== Records supplied

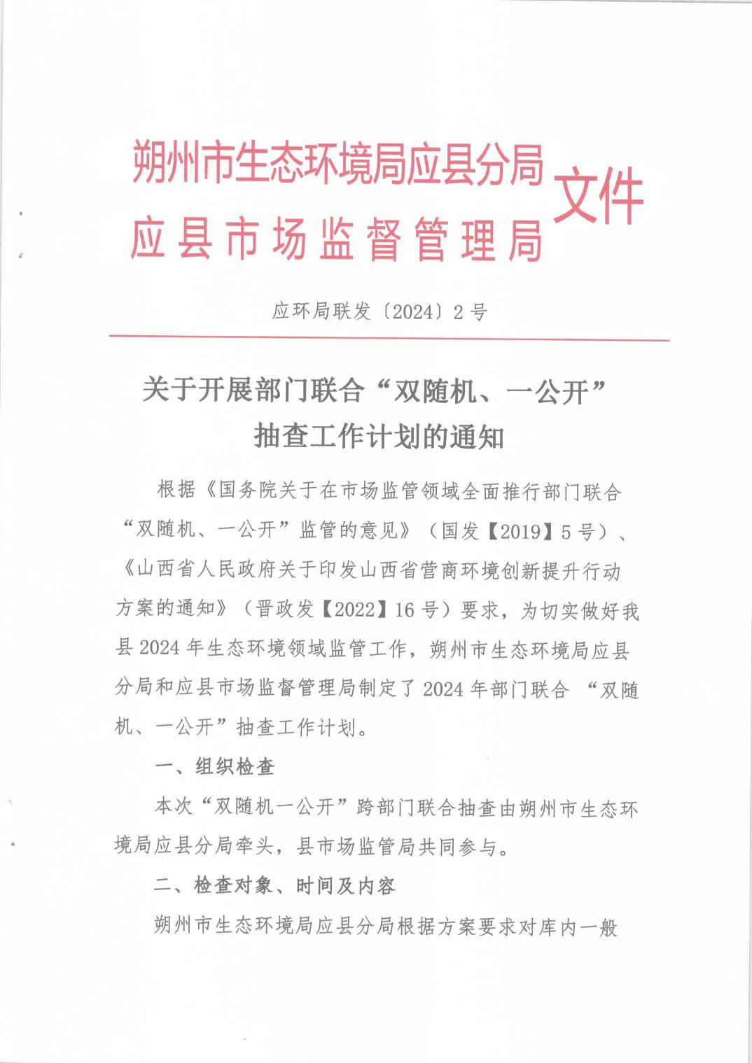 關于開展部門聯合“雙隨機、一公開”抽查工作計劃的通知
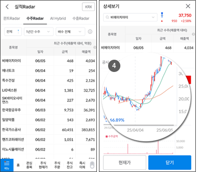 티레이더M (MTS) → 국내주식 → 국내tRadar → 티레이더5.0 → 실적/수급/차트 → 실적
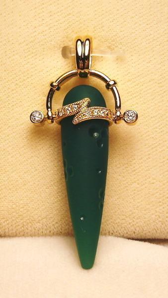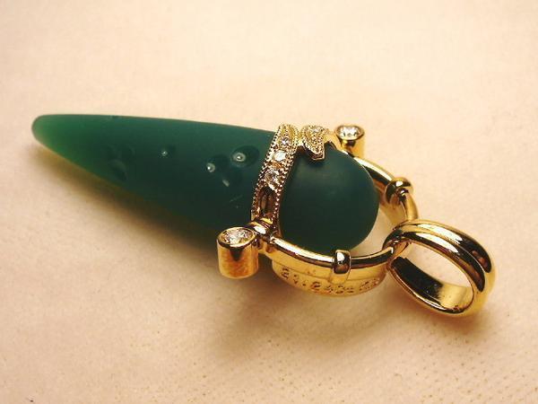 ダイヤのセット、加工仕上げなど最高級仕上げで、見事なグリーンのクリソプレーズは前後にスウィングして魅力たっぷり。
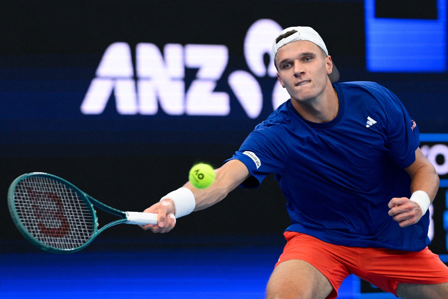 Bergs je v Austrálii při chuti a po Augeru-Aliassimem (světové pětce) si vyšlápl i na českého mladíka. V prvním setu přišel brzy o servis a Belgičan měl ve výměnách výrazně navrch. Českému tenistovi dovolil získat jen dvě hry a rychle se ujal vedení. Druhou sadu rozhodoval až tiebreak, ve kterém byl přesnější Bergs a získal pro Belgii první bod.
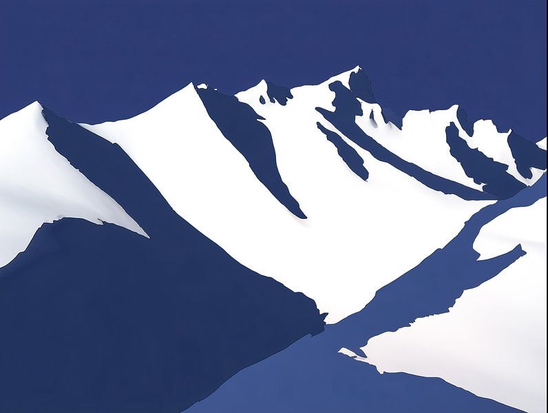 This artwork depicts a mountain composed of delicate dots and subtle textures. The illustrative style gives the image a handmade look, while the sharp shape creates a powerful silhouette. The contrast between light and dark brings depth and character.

====
== Records supplied

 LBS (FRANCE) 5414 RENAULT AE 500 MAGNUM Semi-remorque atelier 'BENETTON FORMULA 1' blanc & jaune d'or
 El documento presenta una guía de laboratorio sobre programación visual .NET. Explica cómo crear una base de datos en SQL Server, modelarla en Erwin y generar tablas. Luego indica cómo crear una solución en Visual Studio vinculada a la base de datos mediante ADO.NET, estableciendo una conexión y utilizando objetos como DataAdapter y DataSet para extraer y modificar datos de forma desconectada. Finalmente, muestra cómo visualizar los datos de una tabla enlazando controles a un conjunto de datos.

====

* Exercise brief *
Above are the records; copy exactly the lines from the one with "ダイヤのセット、加工仕上げな" through the one with "This artwork depicts", including both, and nothing more. Leave out pictures.

* Result for this exercise *
 ダイヤのセット、加工仕上げなど最高級仕上げで、見事なグリーンのクリソプレーズは前後にスウィングして魅力たっぷり。
 Bergs je v Austrálii při chuti a po Augeru-Aliassimem (světové pětce) si vyšlápl i na českého mladíka. V prvním setu přišel brzy o servis a Belgičan měl ve výměnách výrazně navrch. Českému tenistovi dovolil získat jen dvě hry a rychle se ujal vedení. Druhou sadu rozhodoval až tiebreak, ve kterém byl přesnější Bergs a získal pro Belgii první bod.
 This artwork depicts a mountain composed of delicate dots and subtle textures. The illustrative style gives the image a handmade look, while the sharp shape creates a powerful silhouette. The contrast between light and dark brings depth and character.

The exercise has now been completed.